Pourtant, le Juste ne se tait jamais avec les lâches comme il ne hurle jamais avec les loups. Il ne renvoie jamais dos à dos le petit et le grand tyran. Non pas qu’il apprécie le petit tyran mais il estime que dans un monde où le Léviathan atlantiste est caractérisé par une voracité, une violence et une félonie sans égal, il est indigne de s’allier à lui pour écraser le petit tyran, en l’occurrence Kadhafi.

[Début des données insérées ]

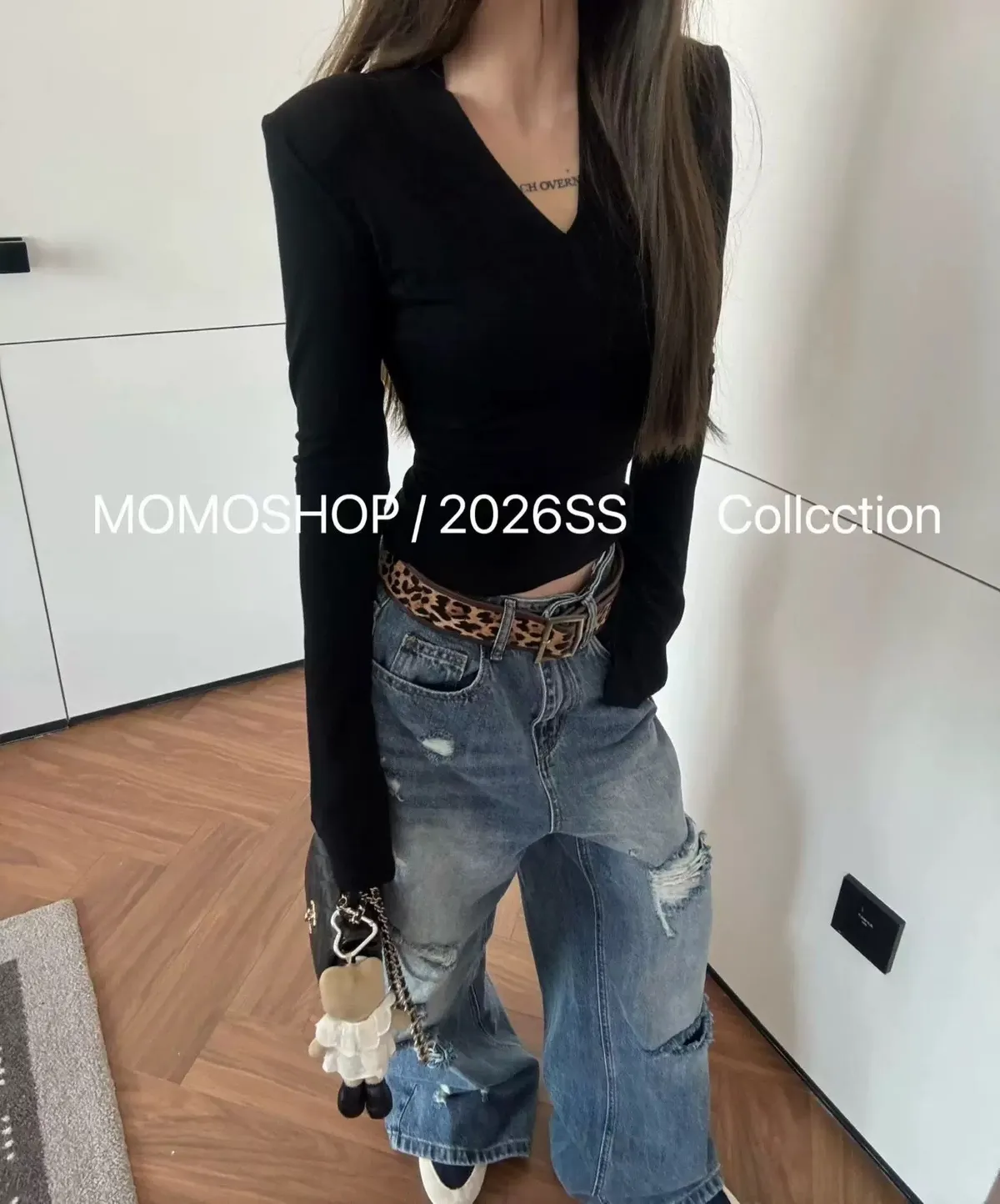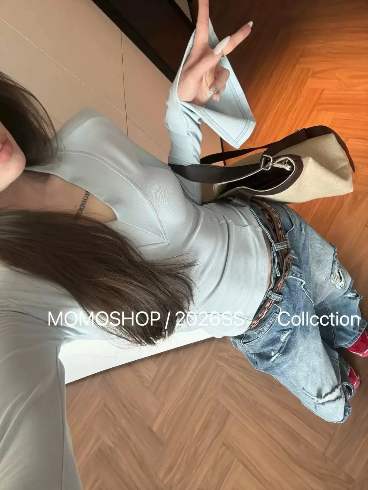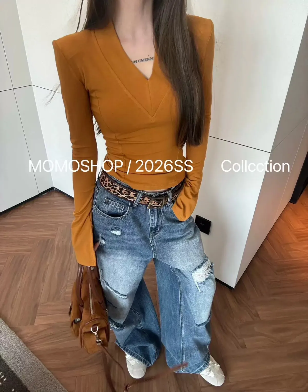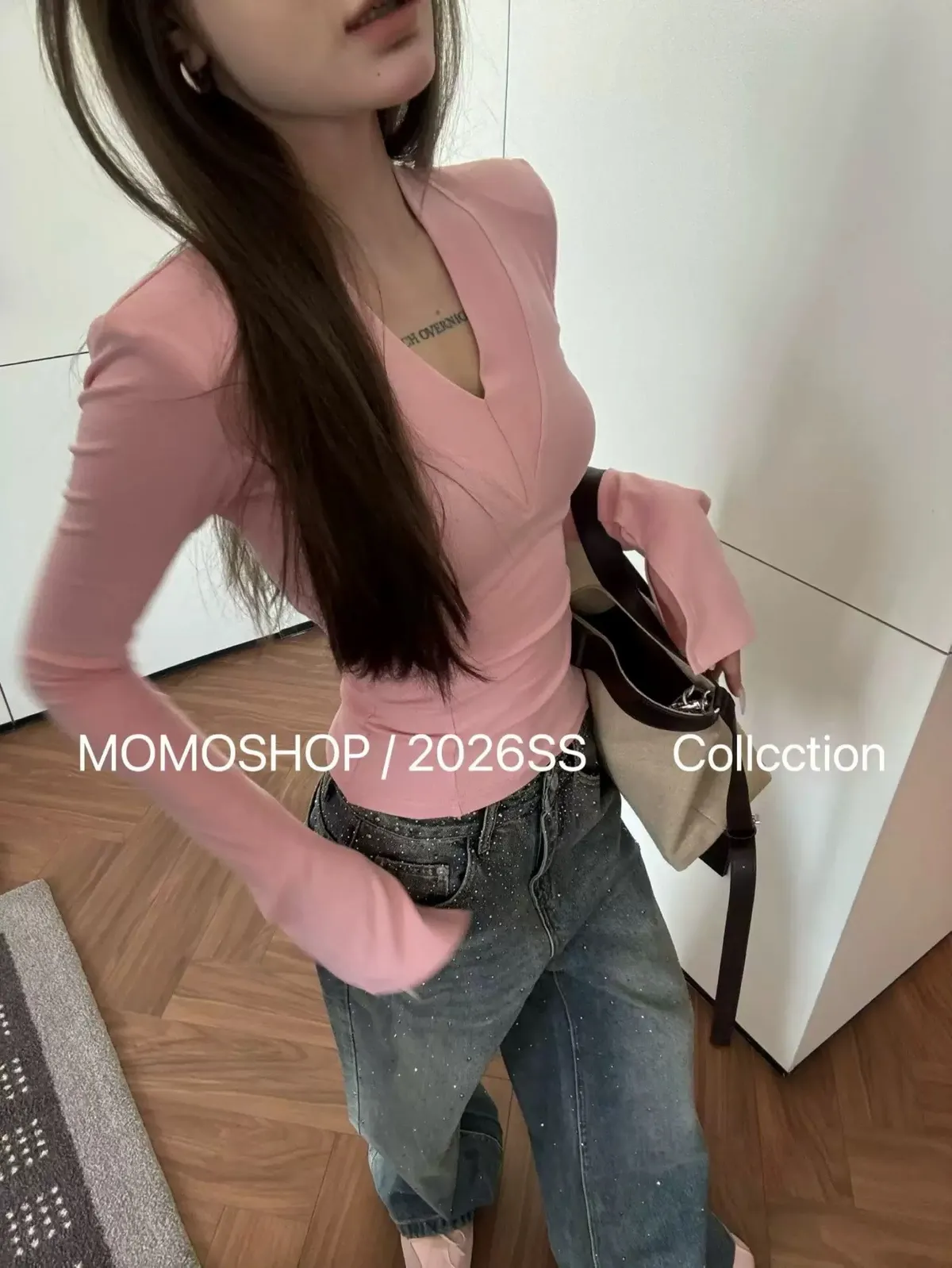 喇叭袖墊肩打底衣

Si la résistance anti-régime qui s’est déclarée en Cyrénaïque, fief des monarchistes, des salafistes et autres agents pro-occidentaux, avait repris à son compte le moindre slogan anti-impérialiste, si elle avait été un tant soi peu patriotique, progressiste, intègre, conséquente et organisée, dès lors, la question de soutenir celle-ci ne se serait pas posée étant donné qu’avec un tel programme et un tel profil, à défaut de pouvoir la corrompre, l’OTAN aurait au moins tenté de soutenir le camp adverse, à savoir celui de Kadhafi. Or, dès le début de l’insurrection, il paraissait évident que la présence en son sein de quelques intellectuels et cyber-dissidents potiches bénéficiant d’un appui médiatique exceptionnel (alors que visiblement ils ne représentaient qu’eux-mêmes et leurs protecteurs occidentaux) ne faisait pas d’elle un mouvement démocratique et révolutionnaire.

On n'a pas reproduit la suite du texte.